I shared this philosophy with my players and their parents on Day 1 of the season:
My goal is to inspire the same passion I have for hockey into all of my players through encouragement, competition, mental toughness, respect, and pushing my players beyond their preconceived notions as to what their athletic ceiling is. By the end of the season, if your child wants to play hockey next year, I will be ecstatic. My goal is 100% return rate in terms of registrations next year.
Creating a philosophy like mine not only holds the players, parents, and assistant coaches accountable, but it shoulders 100% of the blame on the coach as the unquestionable leader of the team. Whether you realize it or not, your team takes on your personality. Players at all ages can smell fear, disorganization, and weakness. Furthermore, parents see the results on the ice and hear about it on the car rides home. A coach without a philosophy, and the fortitude to enforce it, will lose the respect of all of their charges, creating a toxic atmosphere that devolves into chaos and dysfunction.
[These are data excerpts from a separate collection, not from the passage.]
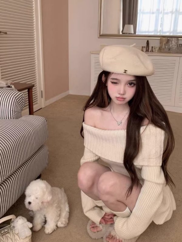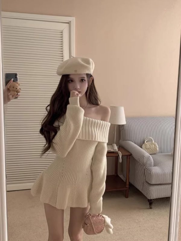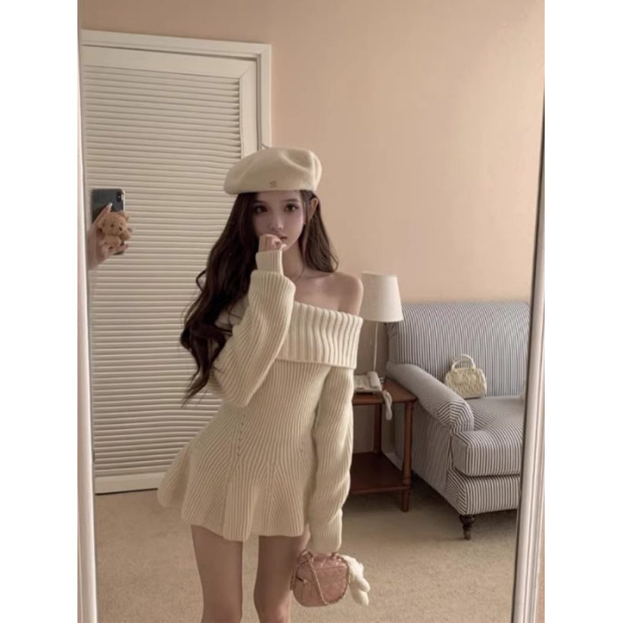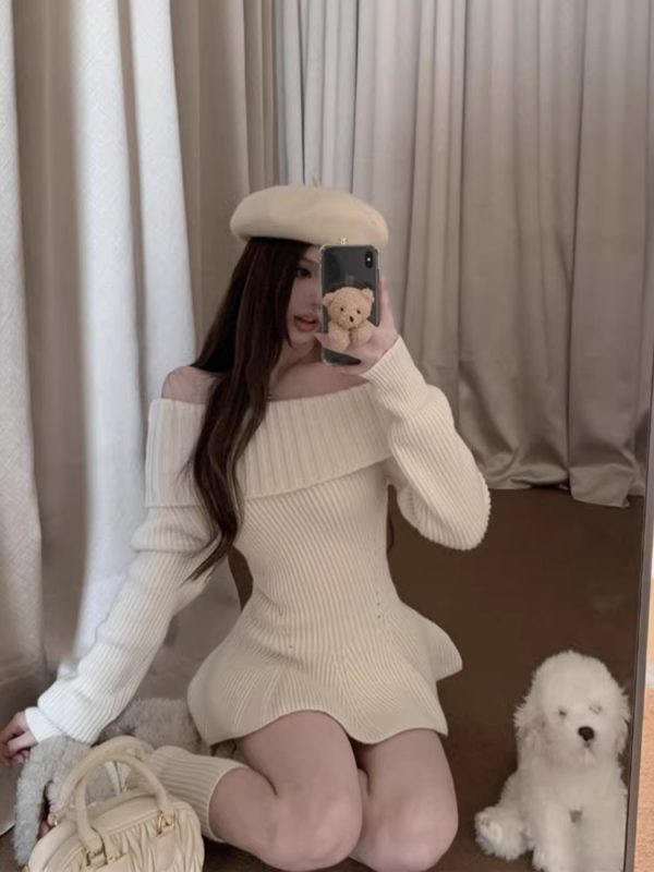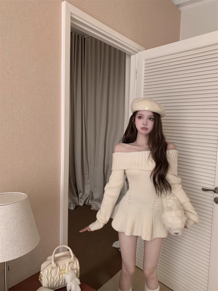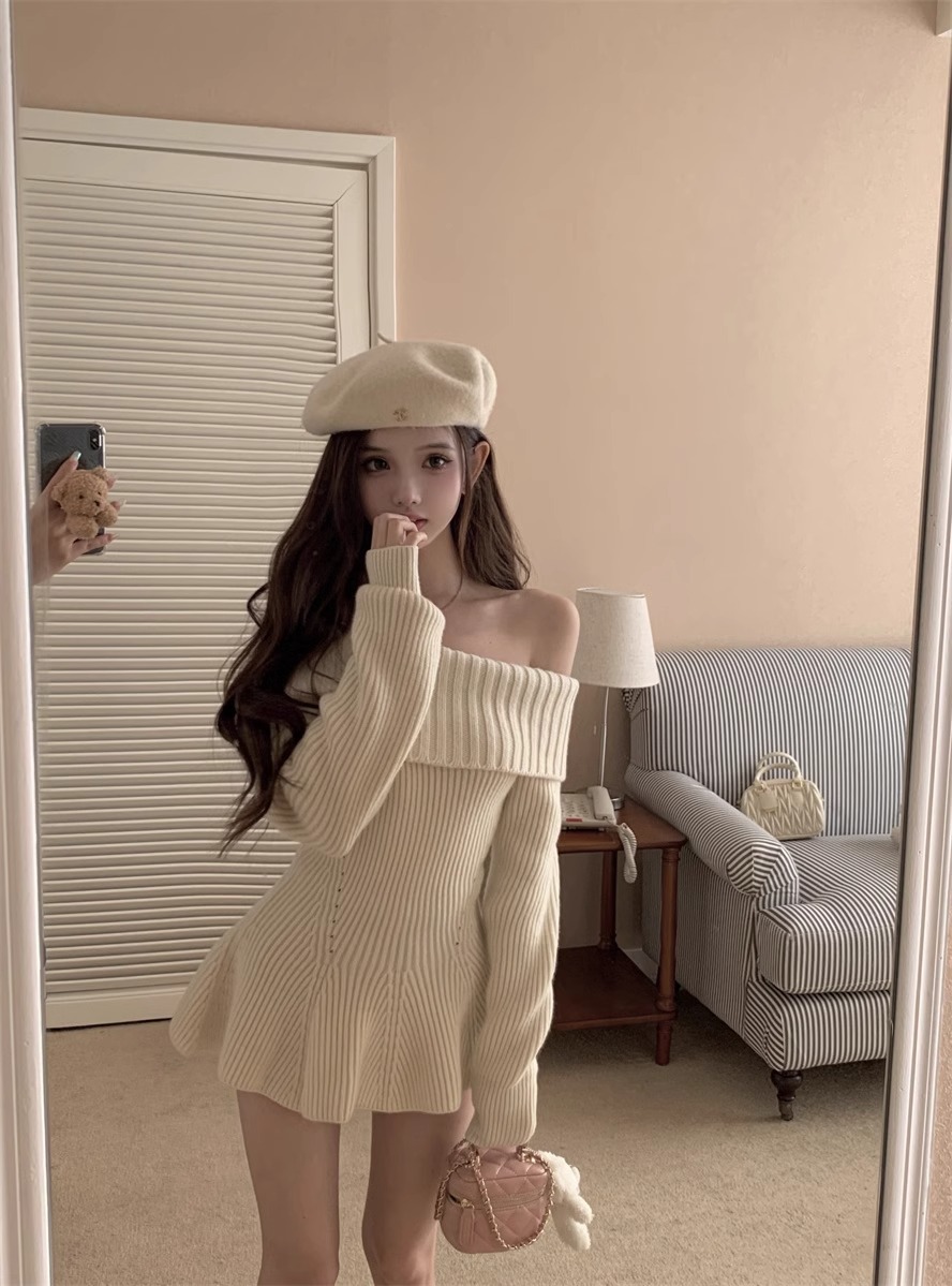 가을과 겨울 새로운 우아한 슬림 핏 슬리밍 풀오버 스웨터 탑 순수한 욕망 스타일 원목 긴팔 스웨터 여성용 의류스토어 가기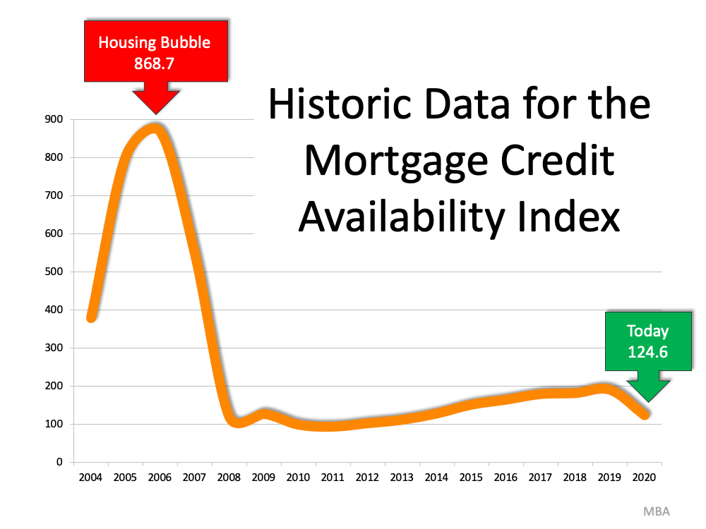 Basically, the index determines how easy it is to get a mortgage. The higher the index, the more available mortgage credit becomes. Here’s a graph of the MCAI dating back to 2004, when the data first became available:There’s No Reason To Panic Over Today's Lending Standards | Simplifying The MarketAs we can see, the index stood at about 400 in 2004. Mortgage credit became more available as the housing market heated up, and then the index passed 850 in 2006. When the real estate market crashed, so did the MCAI (to below 100) as mortgage money became almost impossible to secure. Thankfully, lending standards have eased somewhat since. The index, however, is still below 150, which is about one-sixth of what it was in 2006.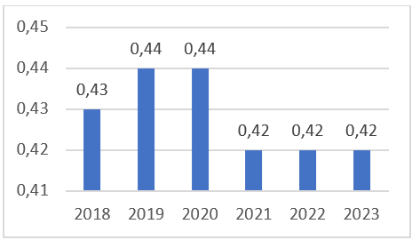 Prema faktoru 2 Indeksa vladavine prava – Odsustvo korupcije, vrijednost indeksa je ista u odnosu na prethodne godine. Globalni prosjek za 2023. godinu iznosi 0.51. Indeks za BiH je ispod globalnog prosjeka.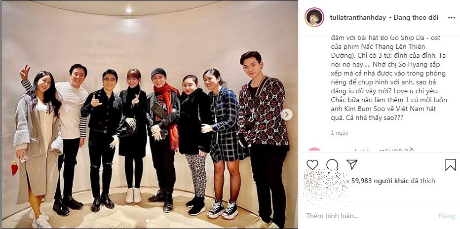 Cụ thể, chia sẻ trên Instagram cá nhân, Trấn Thành cho biết nhờ sự giúp đỡ của Diva So Hyang nên mới có cơ hội được theo dõi và gặp gỡ Kim Bum Soo tại hậu trường đêm diễn của nam ca sĩ: “Chỉ có 3 từ: đỉnh của đỉnh. Ta nói nó hay….. Nhờ chị So Hyang sắp xếp mà cả nhà được vào trong phòng riêng để chụp hình với anh, sao bả đáng iu dữ vậy trời?”. Không những vậy, vì quá yêu mến giọng ca của Kim Bum Soo mà Trấn Thành còn tiết lộ đang nung nấu ý định mời nam ca sĩ Hàn Quốc về Việt Nam trình diễn trong tương lai: “Chắc bữa nào làm thêm 1 cú mời luôn anh Kim Bum Soo về Việt Nam hát quá. Cả nhà thấy sao?“.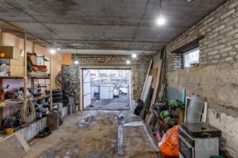 Есть постройки: гараж с погребом, банька, навес и хоз постройки.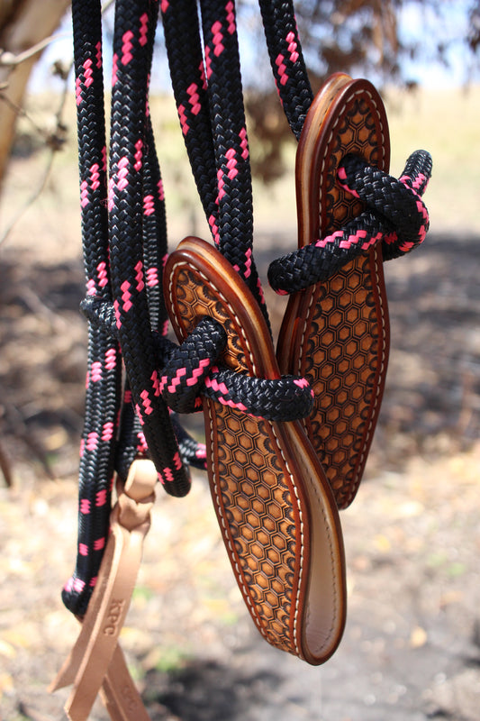 Black/Pink Split Reins With Slobber Straps (6ft)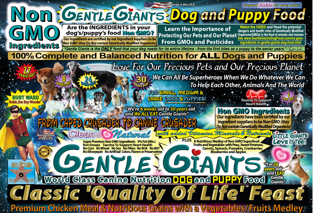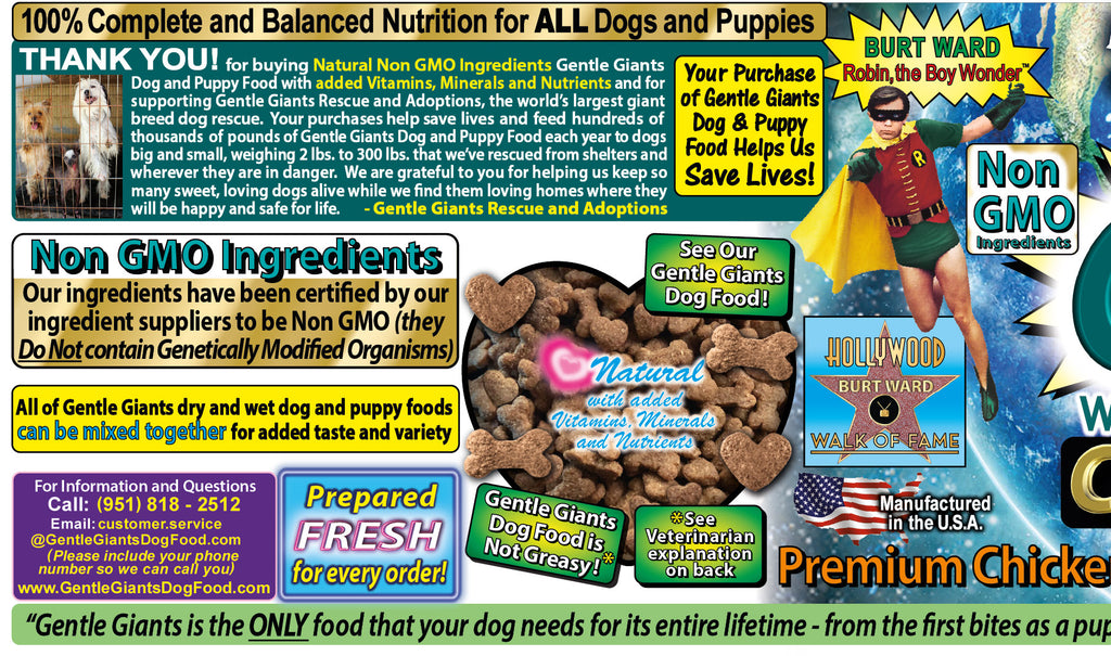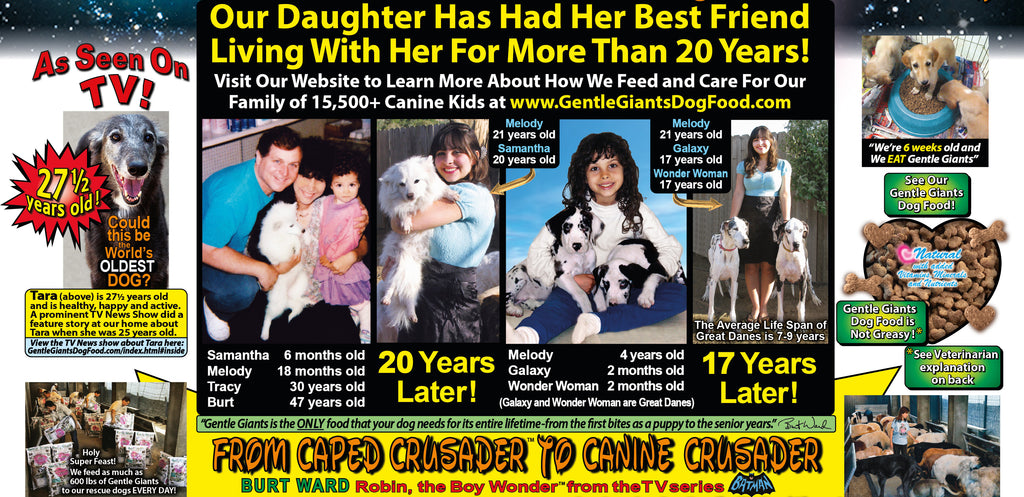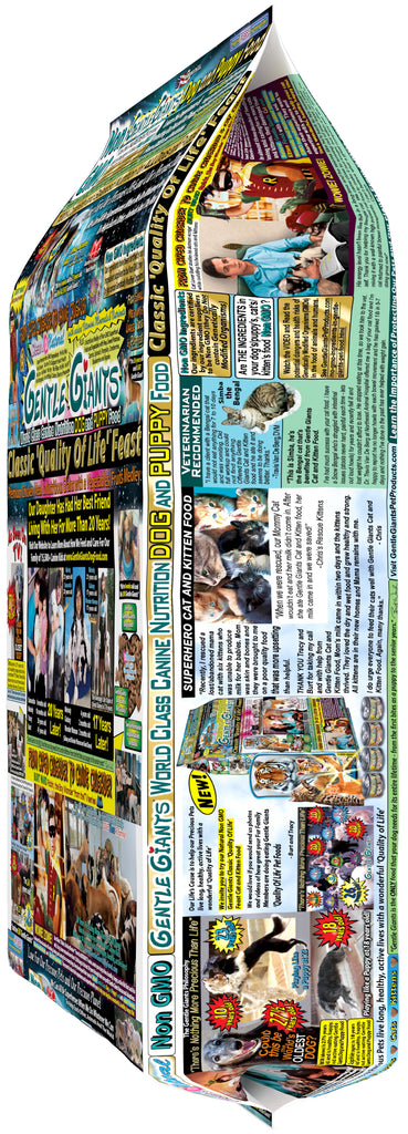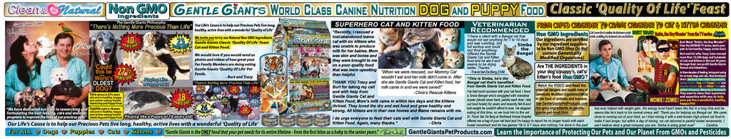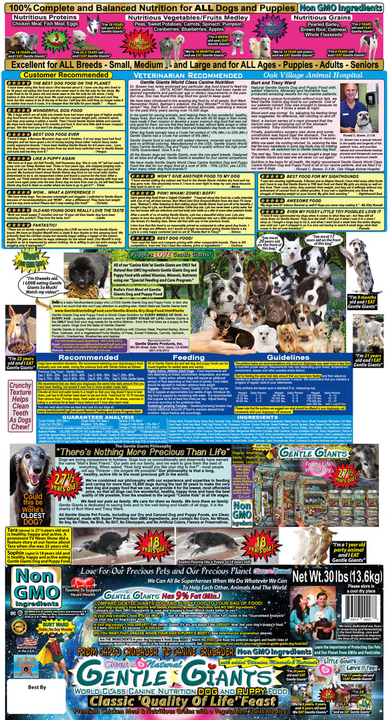 Our life's cause is to help all dogs live the longest, healthiest, happiest lives possible. Gentle Giants Dog and Puppy Food is excellent for all dogs and puppies of all ages, sizes, and stages of life - from 2 pounds to 300 pounds - from the youngest 3 1/2 week old puppies to the oldest seniors that are 27 years old. Read about all of our products and ingredients, and how we intentionally made Gentle Giants Dog and Puppy Food affordable, so that all dogs can benefit.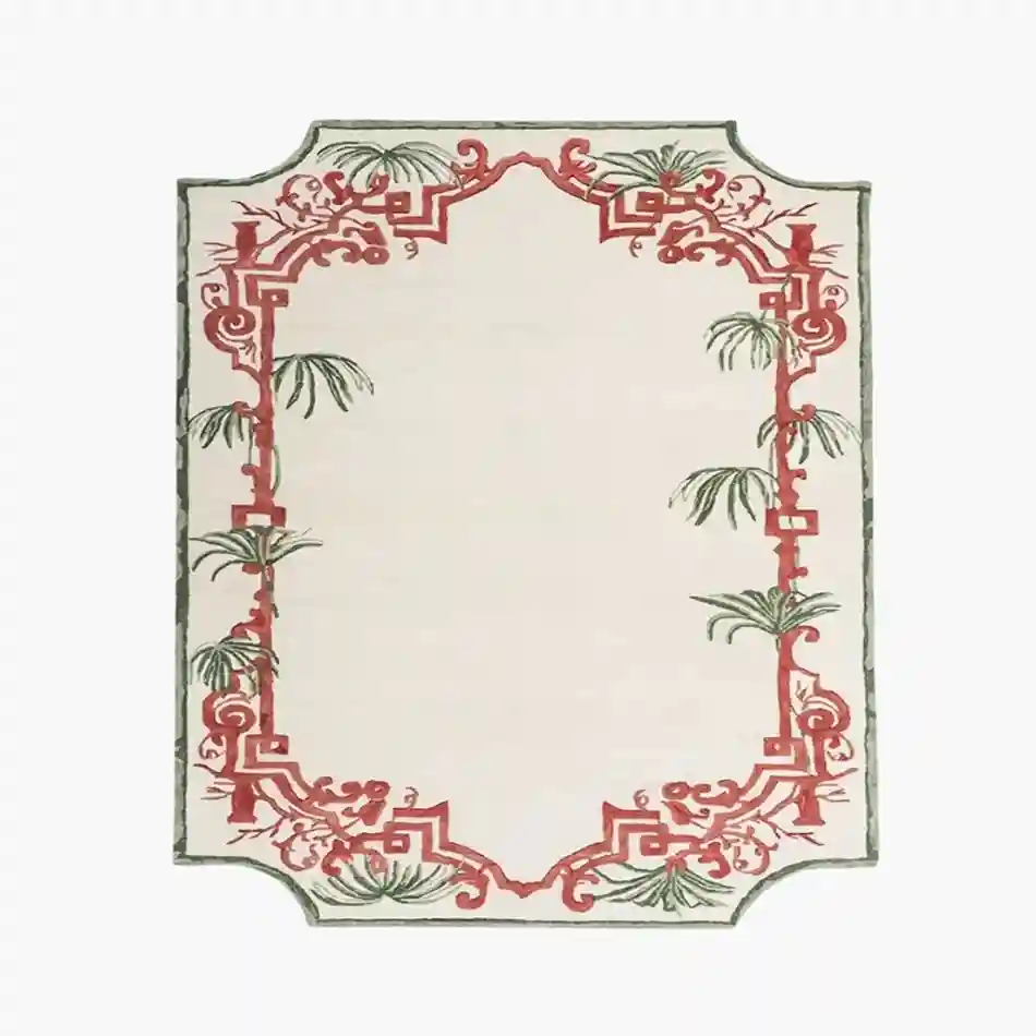 The Marguerite Flower Rug displays a beige base with a vibrant red flower on the rug. It is a symbol of focus, flower, and luxury. This rug adds a sense of motion and energy to your home.Key Features for Flower Rug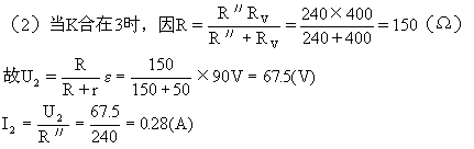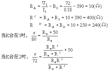 上述解答有一个错误的“替代假设”:电路中的电流表、电压表都是理想的电表。事实上,问题并非如此简单。如果进一步分析K合在2时的情况就会发现矛盾:I1R1=0.18×390=70.2(V)≠80V,这就表明,电路中的电流表和电压表并非理想的电表。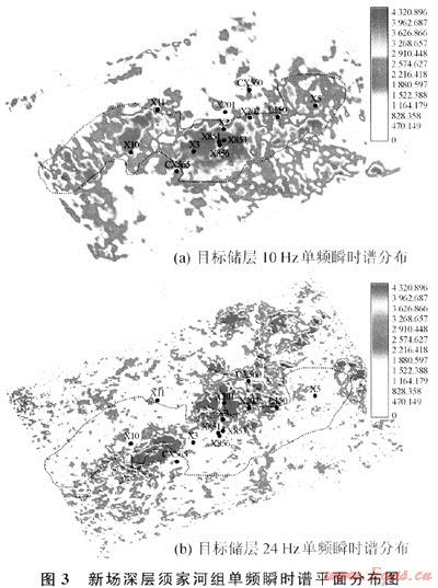 圖3所示是新場地區(qū)深層須家河組單頻瞬時譜平面分布情況,其顯示的瞬時譜具有十分明顯的差異。在圖3-a中,低頻強瞬時譜區(qū)域(紅色)包括了所有天然氣高產(chǎn)工業(yè)井,低產(chǎn)井分布在低頻弱瞬時譜區(qū)域(淺藍色),水井分布區(qū)域低頻瞬時譜更弱(白色)。在圖3-b中的多邊形框內,高頻強瞬時譜是泥巖響應,而高頻弱瞬時譜是有效砂巖儲層響應。雖然,含氣儲層和含水儲層在高頻段有相似的響應特征,但是,結合已知井信息,將圖3-a與圖3-b進行仔細對比,就可以發(fā)現(xiàn)含氣儲層和含水儲層具有不同的時頻響應規(guī)律。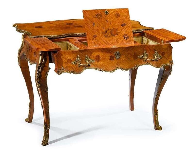 The sliding shaped bronze-banded rectangular top with C-scroll and foliate marquetry, above a slide out drawer fitted with a lift-up writing slope and two side compartments, raised on cabriole legs ending in sabots.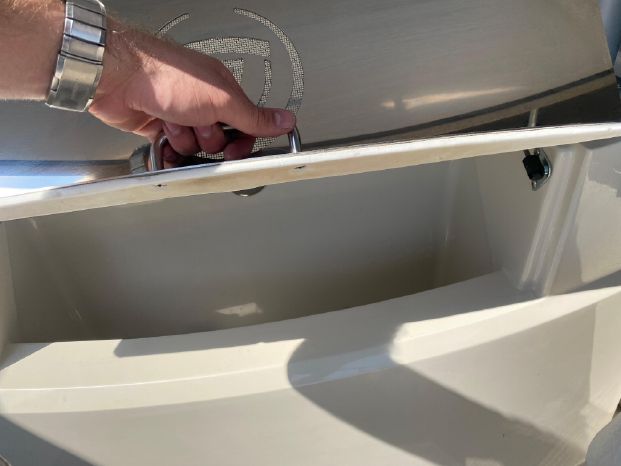 -Elevated aft deck area with fantail aft steps & under-deck storage compartment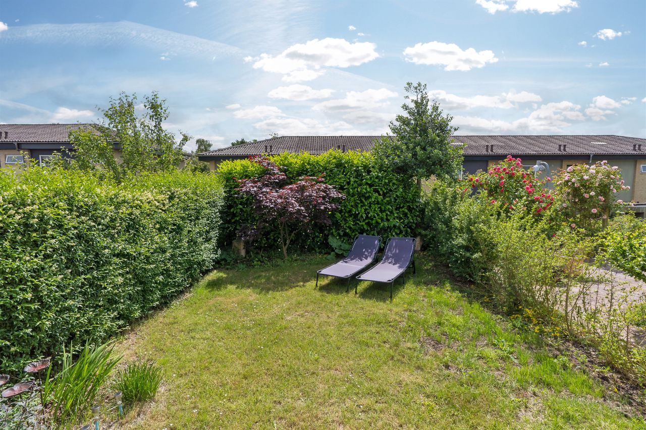 - Skøn, solrig sydvest vendt have med overdækket træterrasse – perfekt til sommerdage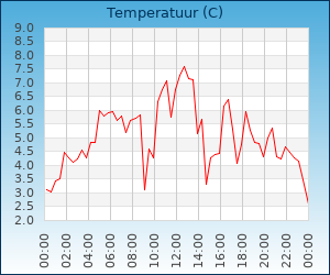 | Minimum temp. | 2.9 °C om 00:14 u |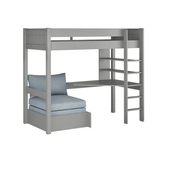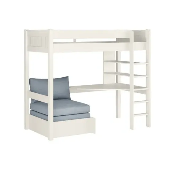 The high sleeper bed combines sleeping, studying and storage in one compact unit, featuring a built-in desk and integrated chair bed below. Its painted wood frame provides durability with slatted base support, while the high foot end design maximizes floor space. The chair bed converts into a guest sleeping area, and ample shelving offers storage for books and personal items.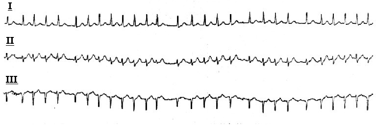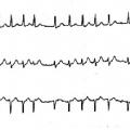Un rythme rapide et régulier avec un début et une fin brusques sont typiques d’une tachycardie de Bouveret (jonctionnelle,fig. 3 ). Fréquence de l’ordre de 170 à 200 batt/min. Elle touche surtout les personnes jeunes qui la vivent plus ou moins bien. Elle est suivie d’une asthénie intense. Le patient connaît parfois une méthode d’arrêt qui donne un stimulus vagal : manœuvre de Valsalva, verre d’eau, compression carotidienne ou pression sur les globes oculaires.

As I break down my philosophy, it is important to remember that my players were 9 years old this past season.
Passion for Hockey
The moment I emerged from the birth canal, my destination was hockey. My dad played Division 1 hockey and coached the majority of my childhood. My brother played for the same Division 1 team as my dad, then 11 seasons of pro hockey including 9 in the AHL. He now coaches as well. When I get to the rink and smell the popcorn and stale dressing rooms, my heart rate starts going and I can’t wait for the game to start. The second the puck is dropped I coach every shift as if I am out there.
This is what I want for all of my players – unbridled passion for the game I love.
Encouragement, Competition, and Mental Toughness
If you play for Coach Waldo, take some Advil before the game because the amount of back-slaps, fist-bumps, and high-fives that you get will cause muscle pain and general body soreness. My players are constantly encouraged to get fired-up, and stay fired-up. You block a shot, win a race to a puck, or protect your goalie - watch out! The encouragement gets turned up to 11.
My players are on a COMPETITIVE team. You can’t spell competitive without…COMPETITIVE! I am not crazy; I am competitive. For the 50 minutes of practice and the 50 minutes of game time, you had better match my intensity. My coaches know this as well. Why bother doing anything in life unless you go as hard as possible? Schools are doing their damndest to take winning and competition out of our children. I tell my players all of the time, “This is not school. This is real life. There are winners and losers. There is a scoreboard for a reason. We might get outscored, but we are not going to get outworked. There are no participation medals on my team. Everything we do is about competing.” You have my word, if your child plays for Coach Waldo, I will NEVER take the competitiveness out of your child; I will only amplify it!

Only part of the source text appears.